Instruction for the entries below: return the part that opens with the line containing "تصميم على شكل" and closes with the line containing "- 発話時に、アプリの音声認", exactly, and no pictures.
--- EXERCISE INPUTS Enclosed Below ---
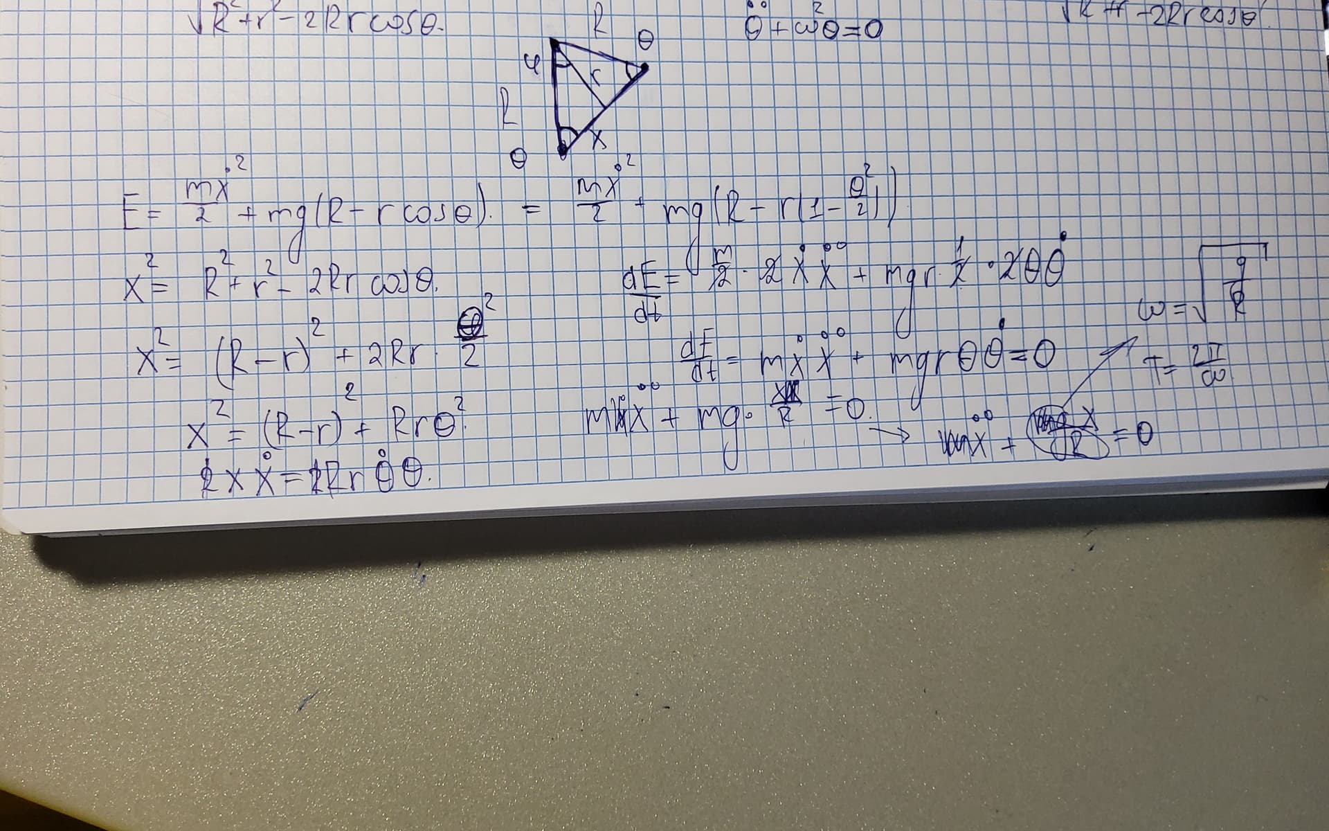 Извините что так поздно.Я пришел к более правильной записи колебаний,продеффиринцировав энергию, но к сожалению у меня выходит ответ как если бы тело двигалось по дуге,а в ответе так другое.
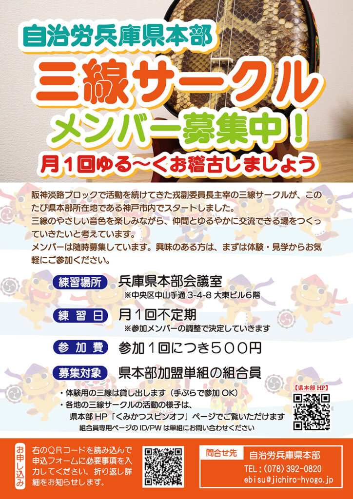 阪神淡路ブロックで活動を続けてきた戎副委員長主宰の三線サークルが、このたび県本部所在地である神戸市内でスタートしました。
--- End of Enclosed EXERCISE INPUTS ---
--- EXERCISE INPUTS Enclosed Below ---
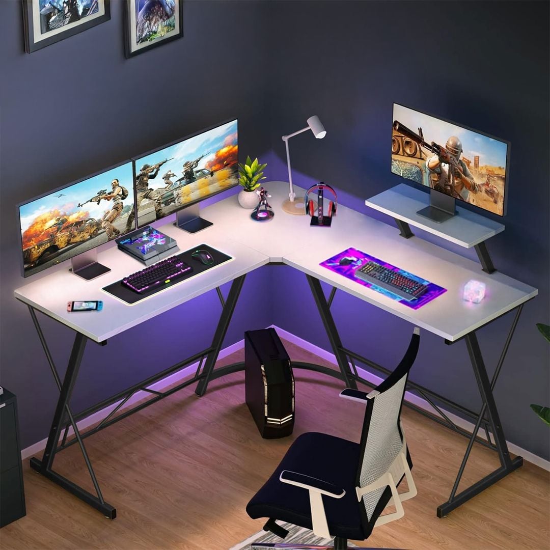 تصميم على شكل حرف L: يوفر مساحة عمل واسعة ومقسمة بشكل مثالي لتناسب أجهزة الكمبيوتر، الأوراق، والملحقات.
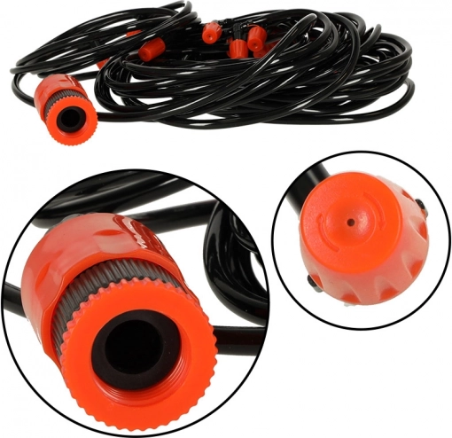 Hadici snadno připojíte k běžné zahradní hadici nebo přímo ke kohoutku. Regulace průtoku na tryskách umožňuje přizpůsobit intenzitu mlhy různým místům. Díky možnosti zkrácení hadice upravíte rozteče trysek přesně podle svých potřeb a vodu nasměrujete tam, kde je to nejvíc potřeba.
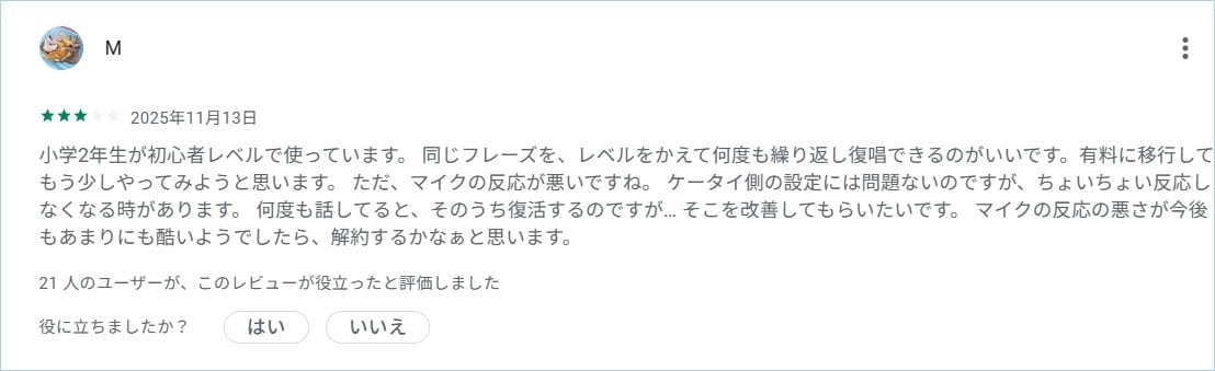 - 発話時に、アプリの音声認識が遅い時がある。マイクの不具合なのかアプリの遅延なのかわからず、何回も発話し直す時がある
--- End of Enclosed EXERCISE INPUTS ---
WRITTEN ANSWER —
 تصميم على شكل حرف L: يوفر مساحة عمل واسعة ومقسمة بشكل مثالي لتناسب أجهزة الكمبيوتر، الأوراق، والملحقات.
 Hadici snadno připojíte k běžné zahradní hadici nebo přímo ke kohoutku. Regulace průtoku na tryskách umožňuje přizpůsobit intenzitu mlhy různým místům. Díky možnosti zkrácení hadice upravíte rozteče trysek přesně podle svých potřeb a vodu nasměrujete tam, kde je to nejvíc potřeba.
 - 発話時に、アプリの音声認識が遅い時がある。マイクの不具合なのかアプリの遅延なのかわからず、何回も発話し直す時がある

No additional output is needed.